__The problem__: Leave the pictures out and restate every line below exactly.

Supplied material section start

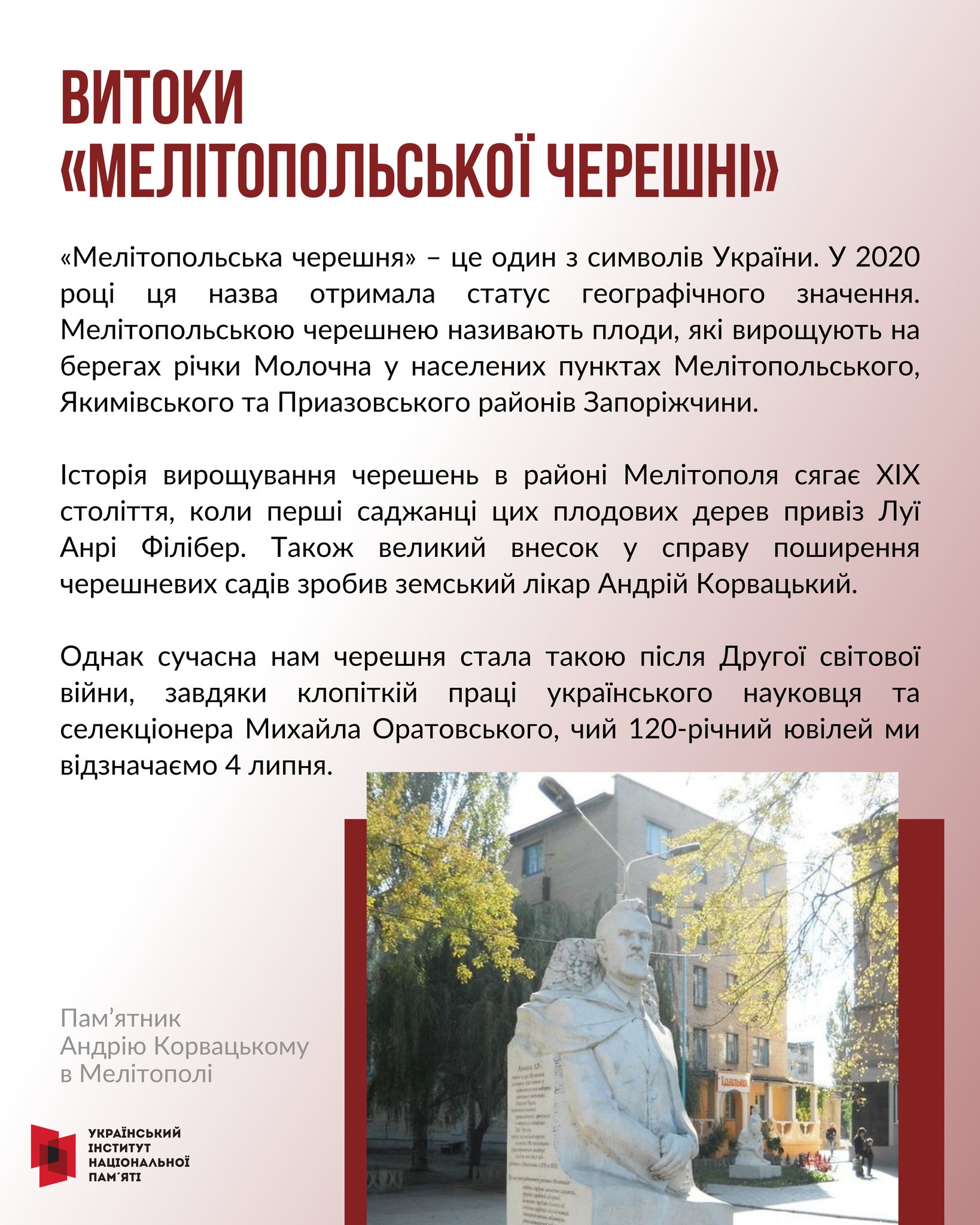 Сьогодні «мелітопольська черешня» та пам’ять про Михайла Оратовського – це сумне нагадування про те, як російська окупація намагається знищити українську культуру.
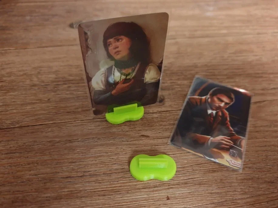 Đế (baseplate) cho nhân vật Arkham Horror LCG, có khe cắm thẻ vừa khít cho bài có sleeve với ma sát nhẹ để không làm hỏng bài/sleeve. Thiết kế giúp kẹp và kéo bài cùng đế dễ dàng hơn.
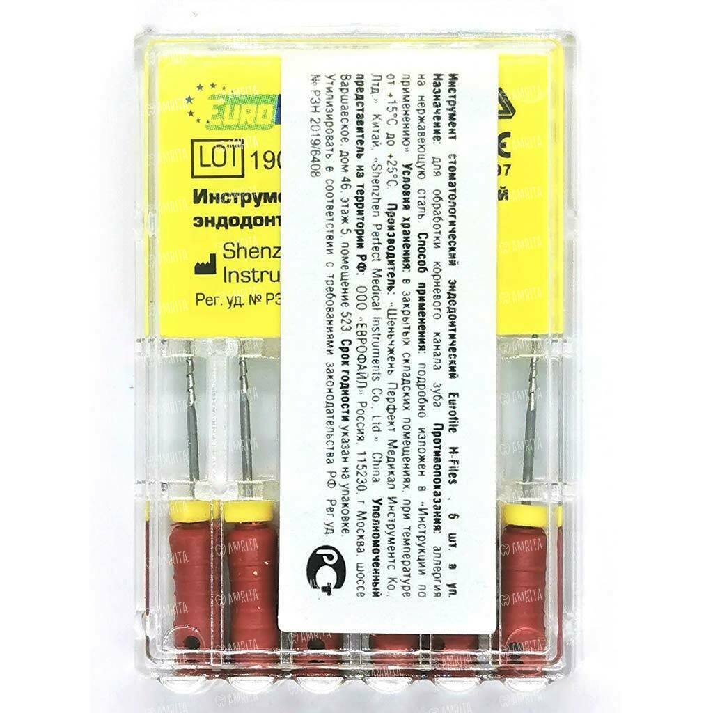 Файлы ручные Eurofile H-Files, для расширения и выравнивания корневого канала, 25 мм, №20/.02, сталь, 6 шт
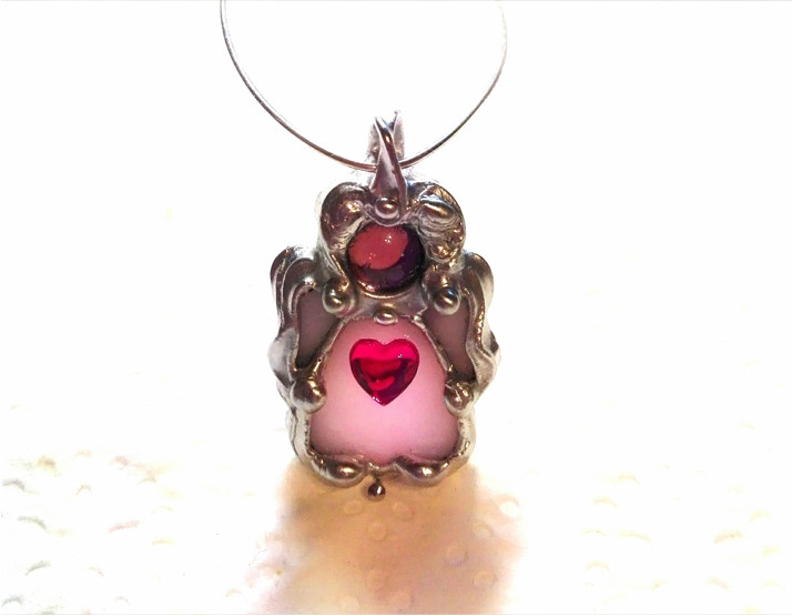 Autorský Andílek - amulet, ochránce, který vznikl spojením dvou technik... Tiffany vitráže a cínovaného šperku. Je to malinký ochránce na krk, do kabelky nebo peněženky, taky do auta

Supplied material section end

__Task answer__:
 Сьогодні «мелітопольська черешня» та пам’ять про Михайла Оратовського – це сумне нагадування про те, як російська окупація намагається знищити українську культуру.
 Đế (baseplate) cho nhân vật Arkham Horror LCG, có khe cắm thẻ vừa khít cho bài có sleeve với ma sát nhẹ để không làm hỏng bài/sleeve. Thiết kế giúp kẹp và kéo bài cùng đế dễ dàng hơn.
 Файлы ручные Eurofile H-Files, для расширения и выравнивания корневого канала, 25 мм, №20/.02, сталь, 6 шт
 Autorský Andílek - amulet, ochránce, který vznikl spojením dvou technik... Tiffany vitráže a cínovaného šperku. Je to malinký ochránce na krk, do kabelky nebo peněženky, taky do auta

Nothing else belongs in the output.